Then she sets it before me like she expects me to eat it.

Grudgingly, I pick it up and cradle it in my hand, and take a small bit from the tip of the spoon. I choke down a half-chewed, half-frozen blueberry and feel like I’m going to puke.

“You need to eat,” she says, firmly.

Every bite is an effort. I hate yogurt anyway, but something about her folded arms and unyielding stare makes me eat it, then sip at the soda. I have no idea why she thinks this garbage is healthy, but it works. I feel just a bit better when I’m finished.

She sinks into the chair next to me. I sit back in my chair and look up at the ceiling.

“Tell me, whatever it is.”

“You’ve lost Thorpe,” she says, her voice flat. “They signed on with… with Victor.”

I nod slowly.

“I see.”

“I haven’t heard from your father.”

I flinch when she says it.

“Eve,” she says.

I shake my head, slowly.

“There’s nowhere I can go. Nowhere I can run. I can’t get away from him. Only one person could ever protect me from him and he…” I suck in a breath, and go rigid.

“Yesterday,” Alicia says, slowly. “When you were alone in that room with him.”

“With Victor.”

“Did he… did he force,” she swallows, hard. “Did he do something to you?”

The sides of my mouth curl in a small, secret smile. “Nothing I didn’t want him to do. He never would.”

“You’re in love with him.”

She has a way of stating questions so they come out as statements, this woman does. It hurts, to be seen through so clearly. I can’t look at her.

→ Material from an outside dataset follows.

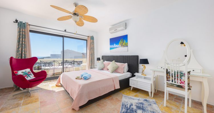 Large double bedroom with an en-suite facilities and spacious balcony with stunning sea views of Kalkan Bay .+TV

“He didn’t seem so terrible. What did he do?”

I clutch my hand over my mouth, press my eyes shut and suppress a full body shudder.

“I gave him everything,” I choke out, “and he threw me away like I was trash.”

She blinks a few times, and cocks her head to the side. “I thought… I was under the impression he was your stepbrother.”

“He was. Is. Is he still my stepbrother if his mother is dead? I don’t even know. It wasn’t like that. We first met when I was eighteen. I’d just finished high school.”

“How did you meet?”

“My father was dating his mother. When it got serious he brought me to meet her. He was here, of course. It’s his house.”

Not was. Is.

This is not my place. I wish I knew where my place was.

“That sounds like a cute way to meet.”

“Our parents got married.”

“So? It’s not as if you grew up together.”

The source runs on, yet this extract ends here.